The distributed design additionally provides flexibility and robustness. Each local model can operate independently, allowing for partial inference even when one or more sensors become disconnected. This capability improves fault tolerance and supports modular scalability, critical features in real-world environments with unpredictable conditions. These aspects, along with reduced communication overhead, further reinforce the suitability of distributed learning systems for wearable applications with resource constraints.

Despite these advantages, the distributed framework presents certain limitations. Local models may lack the global context available in centralized architectures, which can impact classification performance in activities that involve inter-limb coordination. Furthermore, managing asynchronous data streams and synchronizing predictions across multiple nodes introduces architectural complexity, particularly in lossy or bandwidth-limited communication environments.

Another important consideration is the absence of explicit spatial calibration between sensors. In this study, each local model leveraged only its motion data, which was sufficient for the selected activities. However, tasks that require precise relative positioning, such as gait symmetry analysis, sign language interpretation, or specific rehabilitation protocols, may benefit from sensor alignment in a standard spatial frame. As the focus here was to demonstrate a minimally coordinated distributed system, alternative spatial configurations and calibration strategies were not explored.

Lastly, it is essential to distinguish the proposed HAR framework from full-body biomechanical systems such as Xsens. These systems aim to reconstruct body pose using anatomically anchored sensor placements and high-precision inertial data, typically requiring extensive spatial calibration and personalized models. In contrast, our system focuses on activity classification using independently captured local motion features, without reconstructing global posture. This design supports computational efficiency, modular deployment, and ease of use in practical applications where full pose estimation is unnecessary or impractical.

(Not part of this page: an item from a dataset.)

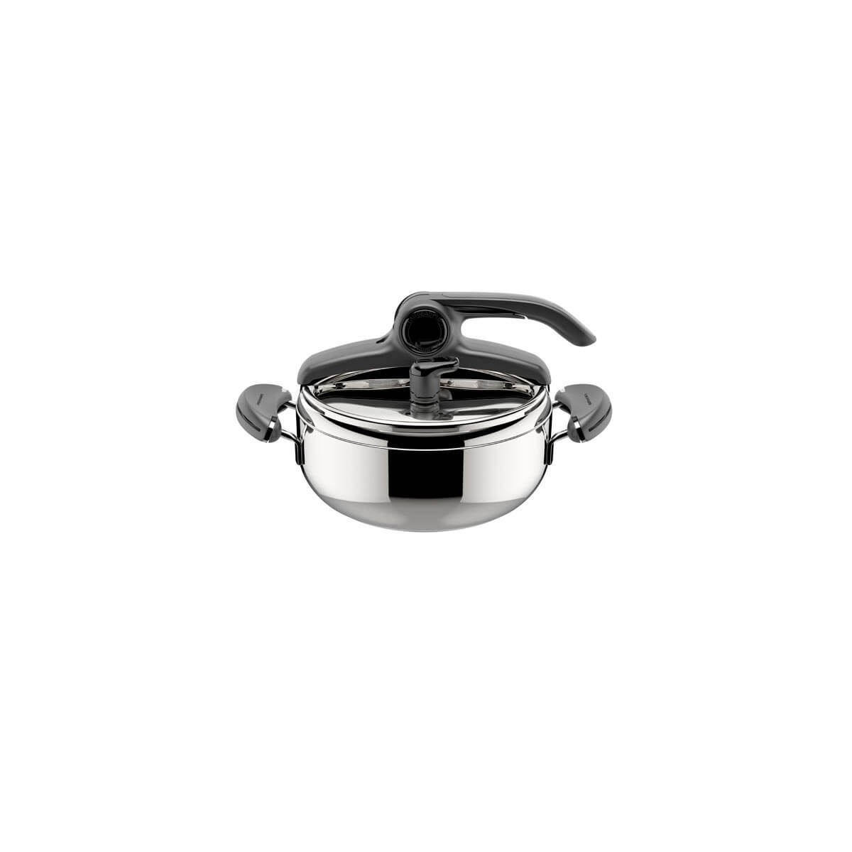 La pentola a pressione è uno strumento versatile perché consente la cottura a vapore, ad immersione e a rosolatura; è salutare, perché cucinando in pentola a pressione si preservano fino al 35% di vitamine e di sali minerali in più; è veloce, perchè riduce i tempi di cottura fino al 50%.
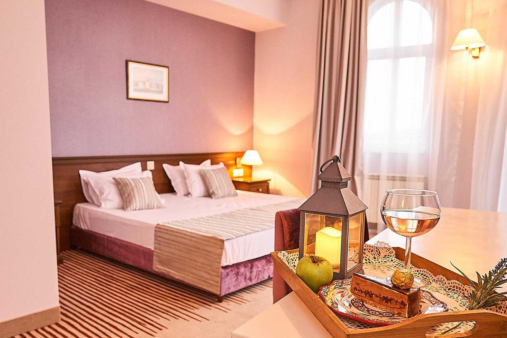 Deluxe-værelse uden udeplads. En dobbeltseng. Mulighed for ekstra opredning i sovesofa. Gratis wifi og aircondition som også kan varme. Køleskab. Tv med internationale kanaler. Væg til væg-tæppe. Hårtørrer. Badeværelse med badekar eller bruser samt toilet. Rengøring 6 gange om ugen.

In summary, while the centralized model offers high overall accuracy and more straightforward integration, the distributed approach provides superior precision, energy efficiency, and robustness. These qualities make it a strong candidate for real-time embedded activity recognition. Table 6 summarizes the key trade-offs discussed in this section and supports informed system design decisions based on specific deployment constraints.

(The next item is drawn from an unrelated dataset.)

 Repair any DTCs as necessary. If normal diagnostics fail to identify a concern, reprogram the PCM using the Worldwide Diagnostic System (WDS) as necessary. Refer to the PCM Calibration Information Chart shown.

Future work will focus on exploring architectures that adaptively combine centralized and distributed inference based on contextual factors and energy constraints. Promising research directions include developing methods to dynamically weight sensor contributions, incorporating attention mechanisms at the fusion stage, and enabling online learning directly at the edge. While the current evaluation was conducted in a controlled environment with a predefined activity protocol to ensure synchronization and label consistency, one of the primary motivations behind the proposed distributed framework is its potential scalability to real-world, dynamic scenarios. Accordingly, future efforts will include validating the model under unscripted, noisy conditions and free-form activity sessions to assess its robustness and generalizability. Moreover, extending evaluation to multi-user scenarios, outdoor environments, and intermittent connectivity will be crucial for advancing the deployment readiness of these systems. Finally, implementing and validating the proposed framework in real-world, real-time conditions beyond offline simulation remains an essential step toward practical application.

Author Contributions

Software, J.L.R.-C., K.N.-T., L.S.-A. and J.F.P.-M.; Investigation, J.L.R.-C., K.N.-T., L.S.-A. and J.F.P.-M.; Writing—review & editing, J.L.R.-C., K.N.-T., L.S.-A. and J.F.P.-M. All authors have read and agreed to the published version of the manuscript.

Funding

This research received financial support from the NSF EPSCoR Center for the Advancement of Wearable Technologies (CAWT) under Grant No. OIA-1849243.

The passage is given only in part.